GIVEN INFORMATION =
_ _ _ _ _ _ _

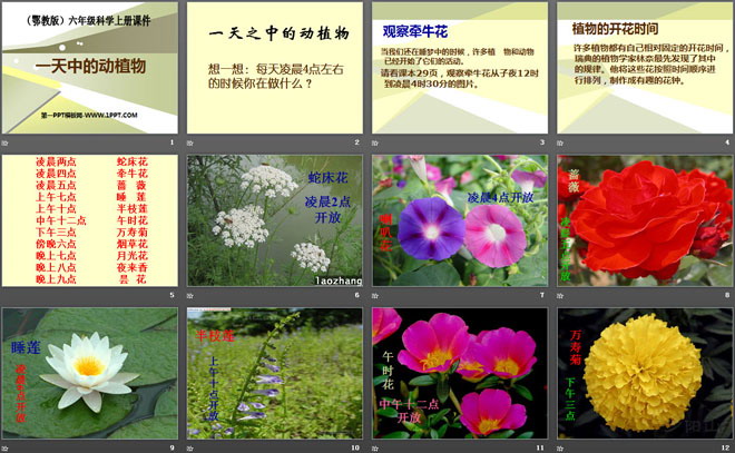 关键词:地球上的一天教学课件,一天中的动植物教学课件,鄂教版六年级上册科学PPT课件下载,六年级科学幻灯片课件下载,地球上的一天PPT课件下载,一天中的动植物PPT课件下载,.PPT格式;
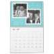 Ajoutez vos photos préférées pour créer un calendrier photographique moderne. Chaque mois comprend la place pour une ou deux photos. Il y a aussi un espace à l'avant et à l'arrière pour customiser avec plus de photos. Au total, dix-sept espaces photo sont disponibles.
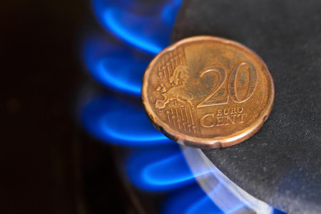 Close-up of 20 cent coin on gas stove burner with flame, as natural gas price increase concept
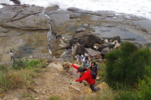 The sea had quietened down from yesterday when I had gone to check the condition of the beach, but it was still fairly rough and murky after the many days of rain we have had. High tide wasn’t due until 1.30pm so it was still safe to do rock hopping and walk a fair way along the rock platform, as long as we kept well away from the edge. At the point I did a group photo, and also there were a couple of board-riders taking advantage of the swell. Then I noticed that Nolan had gone off for a better view of them. She got a bit too close to the platform edge for comfort. I called her back, advising her that a big wave might catch her and she would die! Sure, the boardriders were at the edge, but they had wetsuits and a large surfboard – we didn’t! (I can’t emphasise too much the importance of staying away from the edges of seaside rock platforms, even if the sea looks calm.Too many rock fishermen have been drowned that way when pulled into the water by an unexpected big wave. Keep that in mind for the Burning Palms walk of 9th April).

_ _ _ _ _ _ _

EXERCISE DETAILS =
Everything above except the pictures needs to be reproduced exactly.

EXERCISE RESPONSE =
 关键词:地球上的一天教学课件,一天中的动植物教学课件,鄂教版六年级上册科学PPT课件下载,六年级科学幻灯片课件下载,地球上的一天PPT课件下载,一天中的动植物PPT课件下载,.PPT格式;
 Ajoutez vos photos préférées pour créer un calendrier photographique moderne. Chaque mois comprend la place pour une ou deux photos. Il y a aussi un espace à l'avant et à l'arrière pour customiser avec plus de photos. Au total, dix-sept espaces photo sont disponibles.
 Close-up of 20 cent coin on gas stove burner with flame, as natural gas price increase concept
 The sea had quietened down from yesterday when I had gone to check the condition of the beach, but it was still fairly rough and murky after the many days of rain we have had. High tide wasn’t due until 1.30pm so it was still safe to do rock hopping and walk a fair way along the rock platform, as long as we kept well away from the edge. At the point I did a group photo, and also there were a couple of board-riders taking advantage of the swell. Then I noticed that Nolan had gone off for a better view of them. She got a bit too close to the platform edge for comfort. I called her back, advising her that a big wave might catch her and she would die! Sure, the boardriders were at the edge, but they had wetsuits and a large surfboard – we didn’t! (I can’t emphasise too much the importance of staying away from the edges of seaside rock platforms, even if the sea looks calm.Too many rock fishermen have been drowned that way when pulled into the water by an unexpected big wave. Keep that in mind for the Burning Palms walk of 9th April).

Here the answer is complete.